Oumi is an open-source AI development platform for training, fine-tuning, deploying, evaluating, and serving large language models (LLMs).
It supports models like LLaMA, Mistral, OpenHermes, TinyLlama, and connects to inference frameworks like vLLM or SGLang.
Oumi is a Python framework designed to work with multiple language model providers (such as OpenAI, SambaNova, etc.) through a unified interface. You can define models, set parameters, and call inference in a structured way.
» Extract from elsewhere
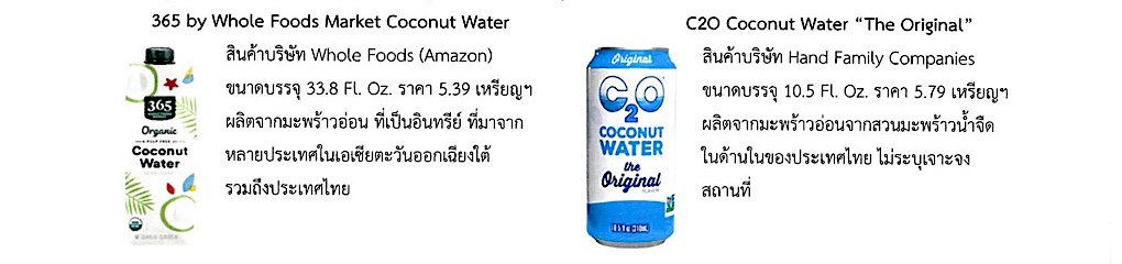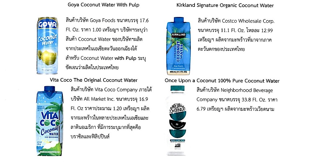 Serious Eats สื่อออนไลน์ด้านอาหารและเครื่องดื่มที่มีชื่อเสียงของสหรัฐฯ ได้ทำการทดสอบเครื่องดื่ม coconut water 10 แบรนด์ ที่วางจำหน่ายใน supermarket หรือร้านค้าออนไลน์ในสหรัฐฯ วิธีการทดสอบจะกระทำอย่างยุติธรรมกับทุกสินค้า คือ ในการทดสอบแต่ละครั้งผู้ทำการทดสอบแต่ละรายจะได้รับสินค้าไปทดสอบแตกต่างกัน ผู้ทำการทดสอบจะไม่ทราบชื่อแบรนด์ และไม่ได้รับอนุญาตให้ปรึกษาหารือกัน ผู้ทำการทดสอบจะให้คะแนนเรื่อง ความหวานที่เป็นธรรมชาติ มีรสชาติสะอาดของมะพร้าวเมืองร้อน รสมันๆ (nutty) ที่ให้ความรู้สึกสดชื่น ให้ความรู้สึกลื่นนุ่มนวลมากกว่าน้ำเปล่า มีรสเปรี้ยว ไม่เหม็นหืน และไม่กลิ่นหวานแบบรุนแรง คะแนนทั้งหมดที่ได้รับจะถูกนำมาคำนวน โดยไม่ถูกแทรกแซง แบรนด์ที่ได้คะแนนอันดับ 1 และ 2 ระบุแหล่งที่มาจากประเทศไทย สินค้าที่กล่าวอ้างว่าผลิตจากมะพร้าวน้ำหอม จะมาจากแหล่งเดียวคือประเทศไทย

1. Basic Concepts You Need to Know
Concept | Description |
---|---|
ModelParams | Specifies which model you’re using (e.g., SambaNova’s LLMs). |
GenerationParams | Controls generation (e.g., temperature, max tokens). |
RemoteParams | Contains API keys and base URLs for remote access. |
InferenceEngine | This is the class that connects your prompt with the provider and returns output. |
Conversation | Wrapper to structure your prompt + generated response. |
2. Requirements
- Python 3.8+
- Install
oumi
(if it’s a local package or available via pip) - Have your SambaNova API key available
3.Step-by-Step Setup with SambaNova
Step 1: Install Oumi
If it’s a local package, install it using:
!pip install "oumi[gpu]"
Step 2: Set Your API Key
You can either:
export SAMBANOVA_API_KEY=<your-api-key>
Or set it in your Python code (less secure):
import os os.environ["SAMBANOVA_API_KEY"] = "<your-api-key>"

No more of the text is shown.